Telphusa retecta

Scientific classification
- Kingdom: Animalia
- Phylum: Arthropoda
- Clade: Pancrustacea
- Class: Insecta
- Order: Lepidoptera
- Family: Gelechiidae
- Genus: Telphusa
- Species: T. retecta
- Binomial name: Telphusa retecta Meyrick, 1921

= Telphusa retecta =

- Authority: Meyrick, 1921

Species of moth

Telphusa retecta is a moth of the family Gelechiidae first described by Edward Meyrick in 1921. It is found in South Africa.

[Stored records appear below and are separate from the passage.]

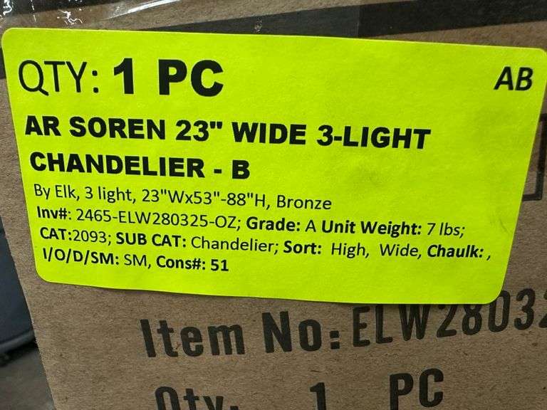 AR SOREN 23" WIDE 3-LIGHT CHANDELIER-B. By Elk, 3 Light, 23"Wx53"-88"H, Bronze, Grade: A Weight: 7. Sold by: Piece. Sold as: Price x Quantity.
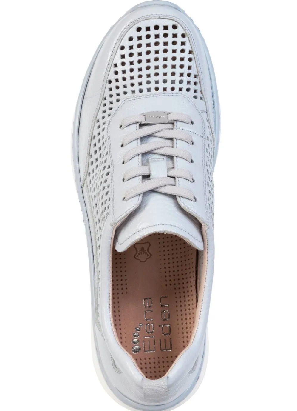 Sneaker von ELENA EDEN aus luftig perforiertem Hirschleder, mit Schnürung: Weite H, gefüttertes Quartier, herausnehmbares Lederfußbett, leichte PU-Laufsohle sowie 25 mm Keilabsatz
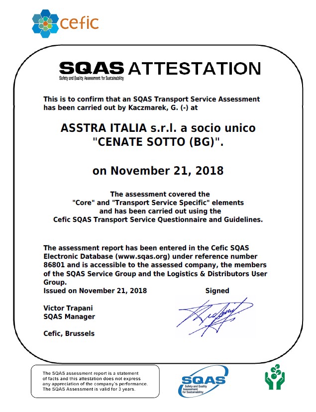 “SQAS accreditation is a key indicator of responsible care in logistics operations. Transport companies and other types of services providers that are active in land logistics and chemical distribution use SQAS to measure their performance. The results of an SQAS evaluation are used by member companies of The European Chemical Industry Council (CEFIC) when selecting transportation and logistics services providers. CEFIC unites more than 29,000 European chemical companies that provide 1.3 million jobs in a third of the global chemical production industry. International transportation and logistics services provider AsstrA-Assciated Traffic AG offers a full range of logistics and transportation services necessary for the international transportation of chemical goods. In order to guarantee the highest safety and quality in the transportation of chemical products, AsstrA regularly undergoes SQAS assessments. In November this year the AsstrA Italy Branch Office received high SQAS evaluation scores. Previously, the Italian office had been successfully assessed in 2015,” explains Vladislav Alejnikov, Quality & Environment Manager at AsstrA-Associated Traffic AG.
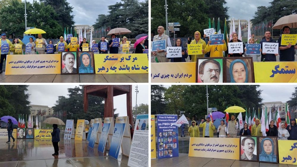 MEK supporters in Geneva denounce executions in Iran, demand justice, and support democratic change with a focus on women’s resistance and human rights.
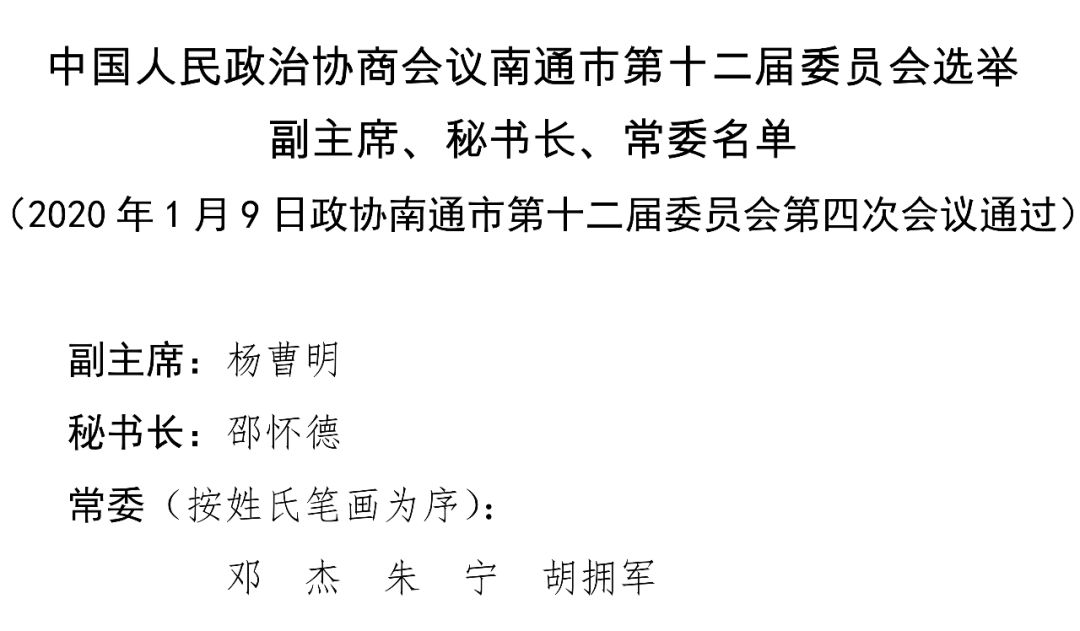 中国人民政治协商会议南通市第十二届委员会选举副主席、秘书长、常委名单
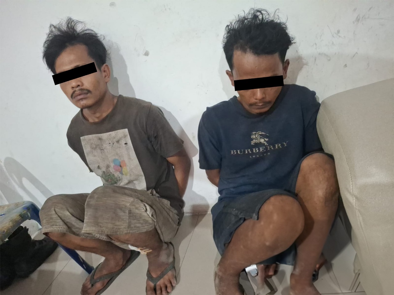 Sekitar pukul 23.00 WIB, terlihat 2 orang sedang mengambil besi menggunakan gergaji besi dan gunting seng. Petugas segera mengamankan kedua pelaku di lokasi.

The wingspan is about 14 mm. The forewings are dark grey, slightly and irregularly speckled with whitish and with small blackish spots at and near the base on the costa, as well as a small white spot on the base of the dorsum, followed by an irregular semi-oval blackish blotch extending to about the middle of the dorsum, posteriorly suffused, and reaching more than halfway across the wing. A longitudinal streak of light brownish suffusion is found above this blotch and there is a blackish elongate mark on the costa before the middle, as well as a blackish oblique streak beneath this reaching to the middle of the wing, the extremity representing the first discal stigma, the plical stigma black, beneath this, edged posteriorly with whitish. The second discal stigma is black, edged laterally with whitish and forms the apex of a dark fuscous elongate-triangular blotch from the costa above it. The posterior part of the costa and upper part of the termen are obscurely spotted with whitish sprinkles, dark fuscous between the spots. The hindwings are grey, thinly scaled and pale in the disc anteriorly.